First week of full-time work for the startup over and what did I accomplish? I have dumped all of English Wikipedia into a CouchDB database and discovered that mapping over this amount of data on a single server is not possible. I find this weird so I need to do some more investigation, but that can wait since I don’t really need that. Lookups are instant as they should be and that’s good enough for me.
I have also gathered the Norwegian Wikipedia and generated a Norwegian web corpus. Wikipedia should statistically be representative for the web, but the first version of the corpus was non-normalized. I had two options for stemming since I wanted to do everything in Ruby. Wrap the available C porter stemmer or write one from scratch according to the rules described at Norwegian Snowball page I chose the latter and since there is an exhaustive test set available with some 25000 or so word-stem pairs, I am confident my Ruby implementation is correct. Since Ruby 1.8 doesn’t come with utf-8 support and 1.9.1 does, I had to figure out the simplest way of getting a minimum amount of international character handling. Turned out I only needed a utf-8 length method and word.scan(/./u).length takes care of that. Not efficient, but this is a temporary solution until I upgrade to 1.9.1. I should probably make my Norwegian Ruby stemmer publicly available. For now, if anyone needs it, give me a ping.
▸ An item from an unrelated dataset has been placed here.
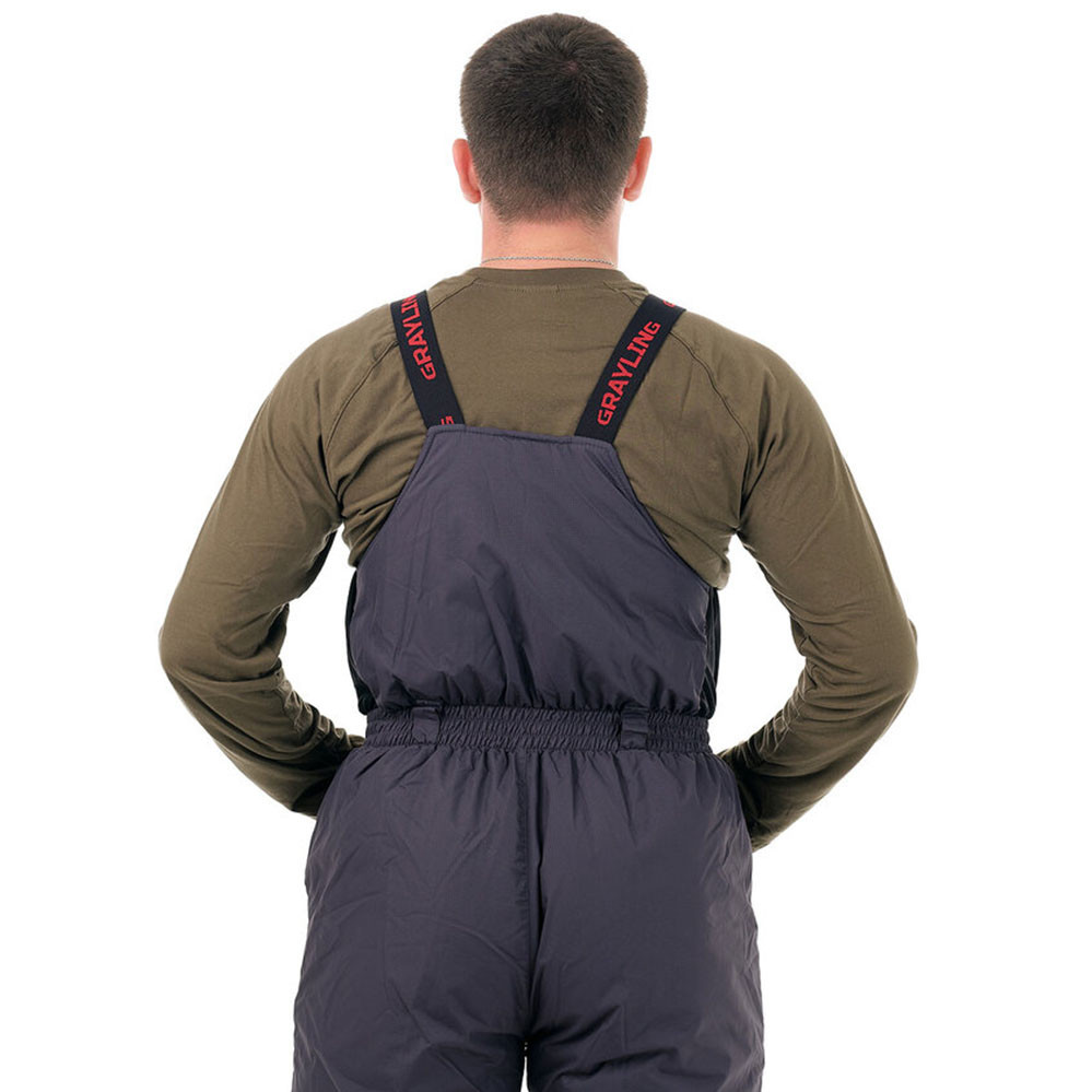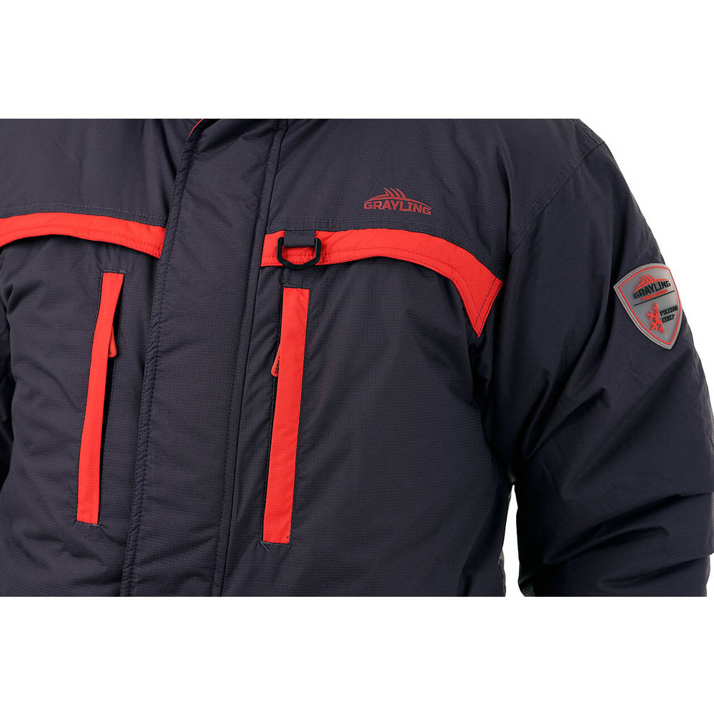 Куртка прямого силуэта удлинена по спинке, закрывается на двухзамковую молнию и ветрозащитную планку на липучках и кнопках. Нагрудные и нижние карманы с флисовым подкладом на молниях защищены листочками контрастного цвета. Внутренний карман для документов на молнии. Имеется также дополнительный карман для телефона под ветрозащитной планкой, утепленный флисом. Куртка регулируется по талии внутренней кулиской утяжкой из шляпной резинки с фиксаторами. Рукава дополнены регулируемыми неопреновыми манжетами. Высокий воротник утеплен флисовым подкладом. Съемный капюшон регулируется по высоте патой на липучке, по овалу лица – шляпной резинкой с фиксаторами. На груди имеется D-образное кольцо для подвешивания инструмента. Крупные пуллеры-кольца дают возможность расстегивать карманы не снимая перчаток. Высокие брюки-полукомбинезон регулируются по высоте эластичными бретелями. Пояс брюк на спинке собран на широкую резинку, дополнен шлевками. Застегивается комбинезон на двухзамковую молнию с планкой на липучках.

What has taken most of my time is administrative work. Cleaning up the business plan, gathering market details and initial contact with potential customers. The result of the latter was revision of the business plan to reflect positive established contact with two possible pilot customers. I hadn’t revised my resume in a while so I did that as well. Sadly, my phone call to the local representative for governmental funding grants wasn’t too promising, but I sent him the business plan for review. Maybe he’ll see that we are on to something. Also handed the business plan over to the biz dev company we are working with for review and polishing.